Abstract: An oven of this disclosure includes a heated catalyst assembly that reduces emissions during cooking cycles and, in particular, during air frying. The heated catalyst assembly resides between the cooking chamber and its exhaust vent and includes a thermal radiation source including at least one looped element, a first catalyst located toward the inlet in proximity to one side of the thermal radiation source and a second catalyst located in proximity to an opposite side of the thermal radiation heat source. The first and second catalysts are arranged in planes parallel to that of the thermal radiation heat source. The heated catalyst assembly reduces emissions of volatile organics to no greater than 6 ppm.

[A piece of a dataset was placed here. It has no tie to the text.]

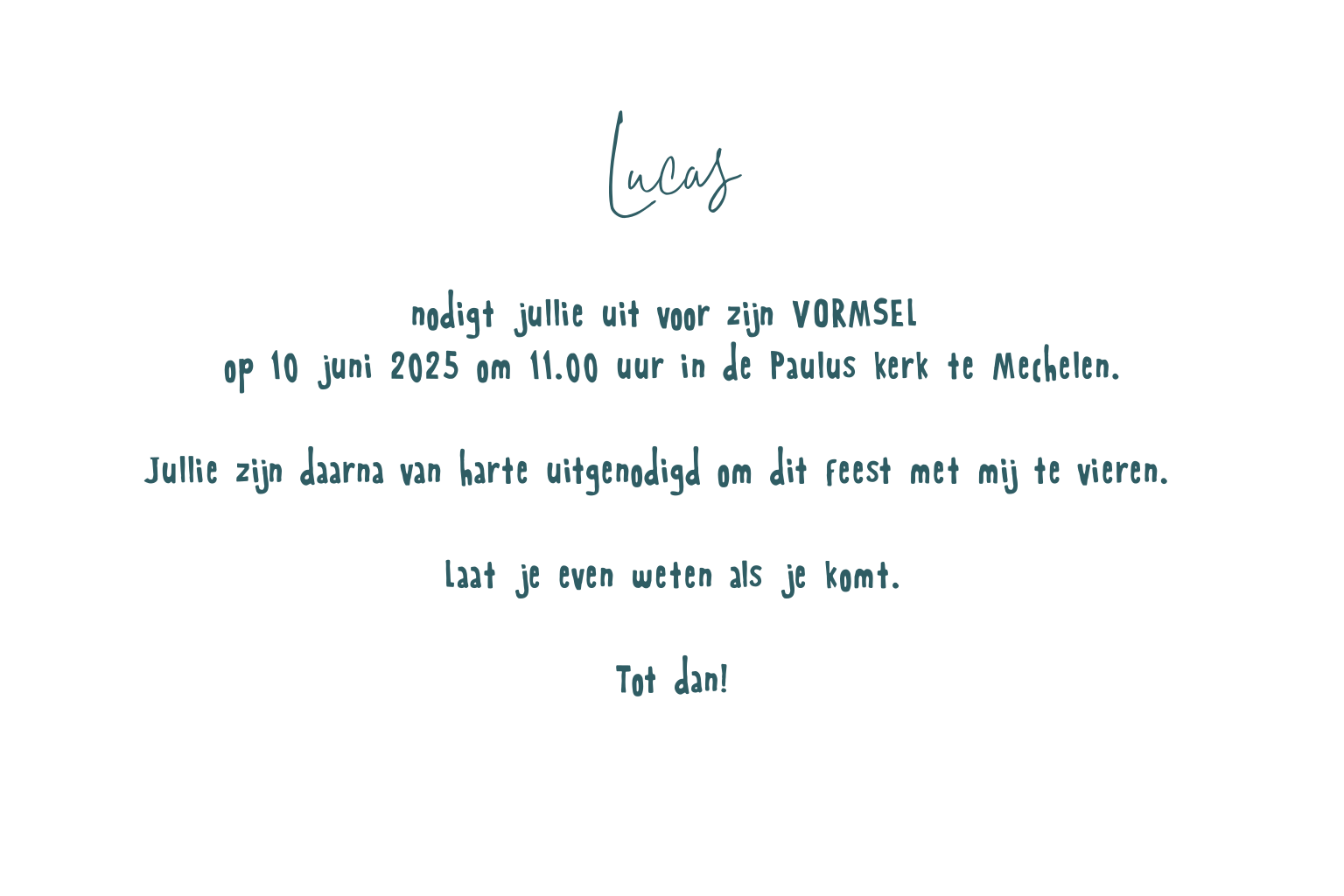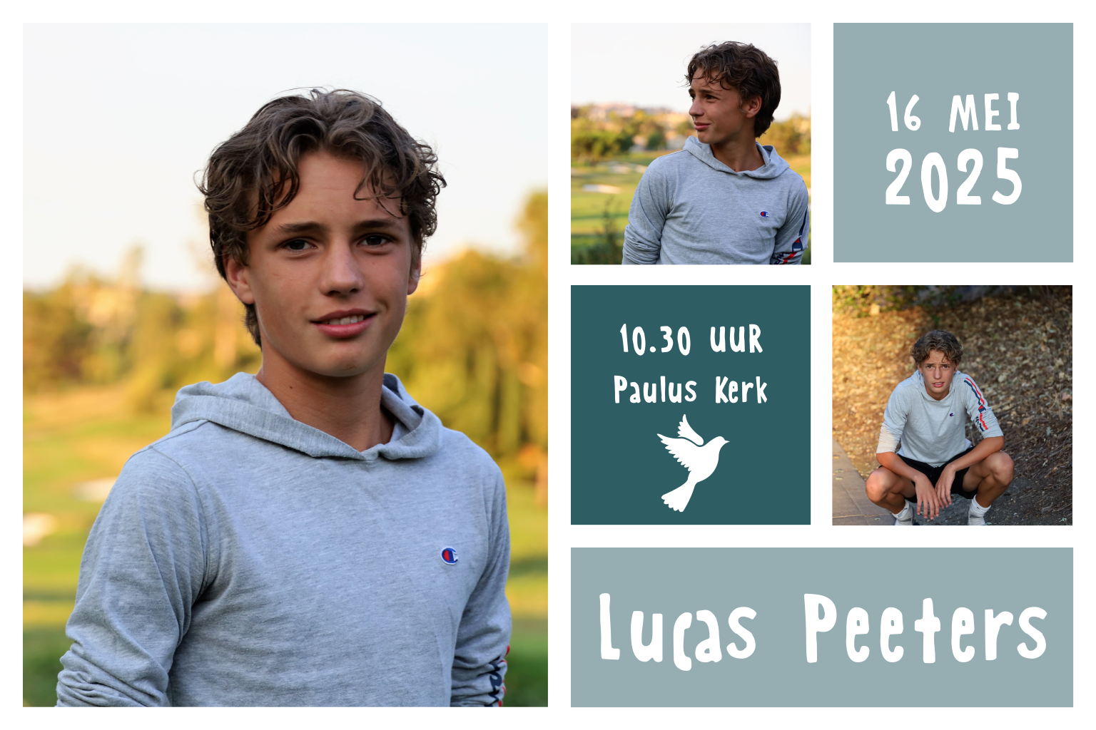 Hippe vormsel uitnodigingskaart waarbij je 3 eigen foto's toe kunt voegen in de witte kaders. Tussen de foto's kleurvlakken in mintgroen en donkergroen, waar de tekst en het silhouet van een duif mooi naar voren komen.

Abstract: A selective catalytic reduction system control system (10) and method of its use include an ammonia (“NH3”) slip sensor (13) located within an interior space (27) of an exhaust stack (15) of a selective catalytic reactor (31), toward an inlet end (25) of the stack (15); a housing (17) located within the interior space of the exhaust stack; the housing including face panels 19; a nitrogen oxides (“NOx”) sensor (11) contained within an interior space (29) defined by the face panels of the housing, at least two of the face panels (19I, 19O) containing an oxidation catalyst; and a dosing controller (59) in communication with the NH3 and NOx sensors, the dosing controller including a microprocessor with dosing logic embedded thereon. The housing with oxidation catalyst acts as a linear box, isolating the NOx sensor from NH3 slip, linearizing the NOx sensor signal.

Abstract: A diesel engine emissions catalyst which may be used to fill a niche between standard oxidation catalyst and diesel particulate filters for control of diesel particulate matter. The catalyst includes a structure (substrate) comprising one or more coated, corrugated micro-expanded metal foil layers. The coated surface may be a high surface area, stabilized, and promoted washcoat layer. The corrugated pattern may include a herringbone-style pattern that, when in use, is oriented in a longitudinal direction of the diesel engine exhaust flow. The micro-expanded metal foil provides small openings or eyes that, as the exhaust flow passes through the catalyst (transverse to the eye opening), particulates in the flow impinge on the surface and becomes trapped in the eyes. The catalyst may be used to treat a locomotive engine exhaust stream and may be used with a selective catalyst reduction system.

Abstract: A diesel-emissions reduction unit having an inlet adapted to receive an exhaust stream of the diesel engine; a diesel oxidation trap catalyst located adjacent the inlet; a dosing controller and an injection lance arranged to meter aqueous NH3 into the exhaust stream; a NOx concentration sensor and a NH3 concentration sensor with at least one oxidation catalyst panel arranged to isolate the NOx concentration sensor from NH3 in the exhaust stream; and an exhaust heater arranged to heat the exhaust stream of the diesel engine toward the inlet of the diesel emissions reduction unit.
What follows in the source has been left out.